What the task requires: Repeat only the lines from the one containing "instrument for children.[4]" to the final line below, exactly as they read, and leave every picture out.

Given data:
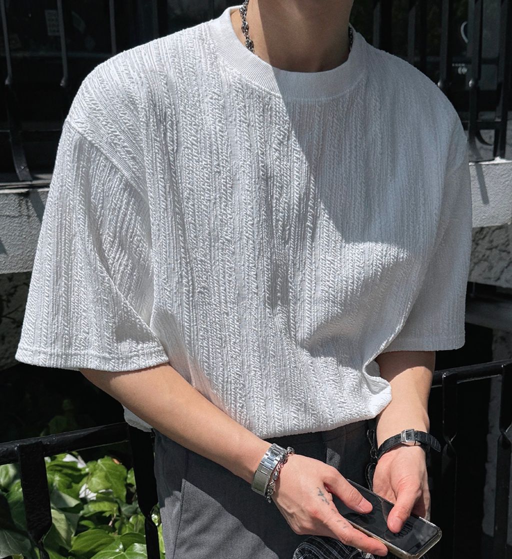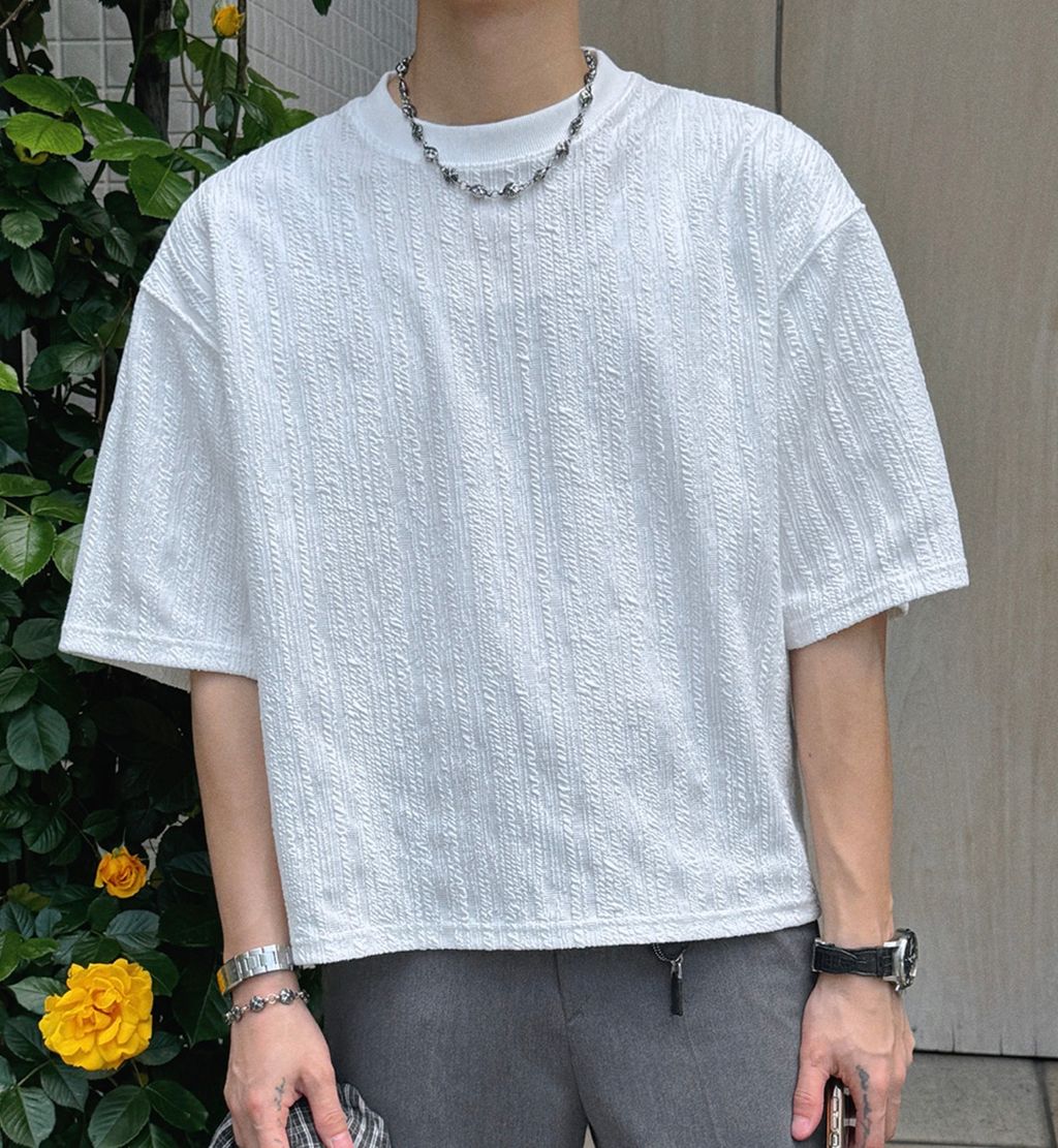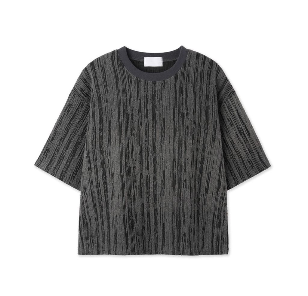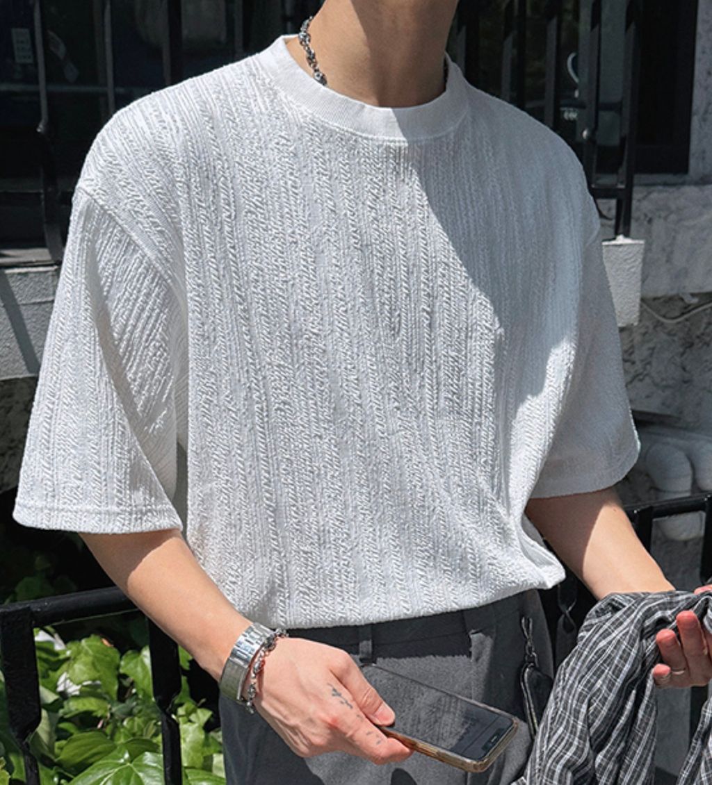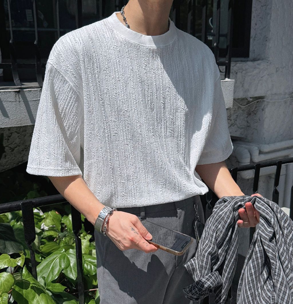 木質紋路 領口 寬鬆 五分短袖T 三色
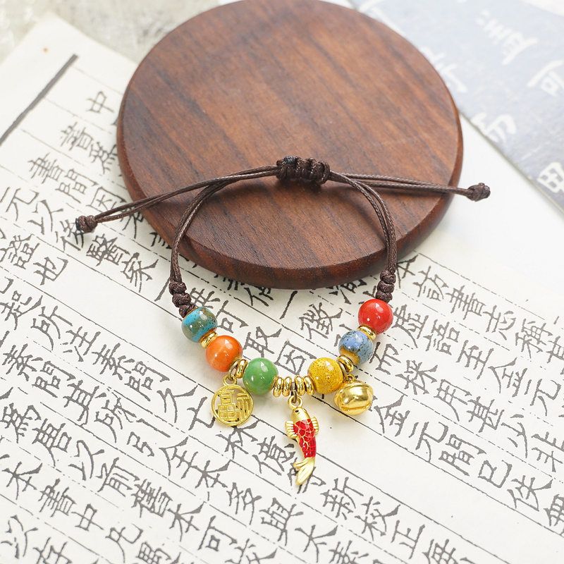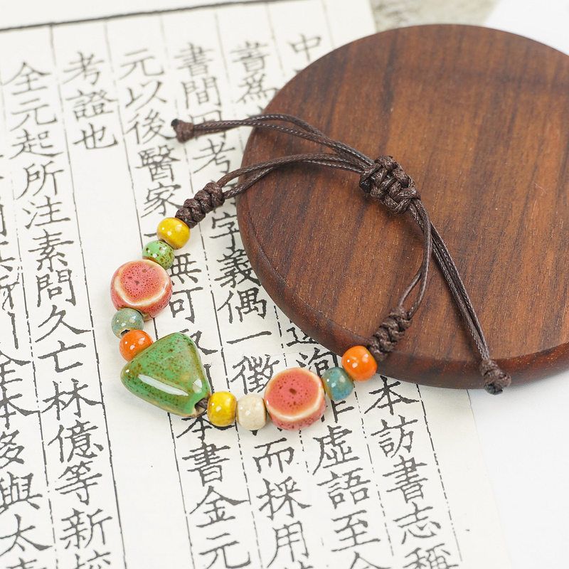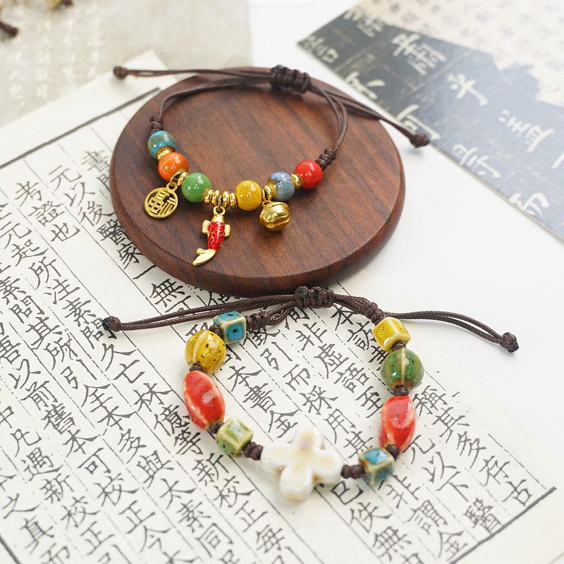 景德镇陶瓷串珠瓷珠手链花釉爱心手串女编织手绳情侣闺蜜学生手饰
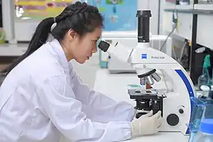 • Student microscope – an often low-power microscope with simplified controls and sometimes low-quality optics designed for school use or as a starter instrument for children.[4]
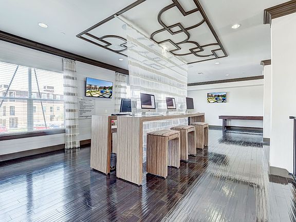 - Exterior features: 9- to 10-Foot Ceilings, Black Galaxy Granite Kitchen & Bath Countertops, Convenient, Under-Cabinet Lighting, Designer Kitchen Cabinets with Nickel Pulls, Dual Vanities*, Environmentally Friendly Programmable Thermostats, Expansive Windows, Full-Size Washer/Dryer in select apartments, Gourmet Chef's Kitchen with Island*, High-speed Internet Ready, Modern Track Lighting & Designer Pendants, Online Rent Payment, Outdoor Entertainment Kitchen, Outdoor Living Spaces*, Private Indoor Tanning Facility, Rainwater Showerhead & Sleek Chrome Fixtures*, Separate Stand-up Showers*, TV Lounge, Virtual Aerobics & Wellness Studio

Reply:
 • Student microscope – an often low-power microscope with simplified controls and sometimes low-quality optics designed for school use or as a starter instrument for children.[4]
 - Exterior features: 9- to 10-Foot Ceilings, Black Galaxy Granite Kitchen & Bath Countertops, Convenient, Under-Cabinet Lighting, Designer Kitchen Cabinets with Nickel Pulls, Dual Vanities*, Environmentally Friendly Programmable Thermostats, Expansive Windows, Full-Size Washer/Dryer in select apartments, Gourmet Chef's Kitchen with Island*, High-speed Internet Ready, Modern Track Lighting & Designer Pendants, Online Rent Payment, Outdoor Entertainment Kitchen, Outdoor Living Spaces*, Private Indoor Tanning Facility, Rainwater Showerhead & Sleek Chrome Fixtures*, Separate Stand-up Showers*, TV Lounge, Virtual Aerobics & Wellness Studio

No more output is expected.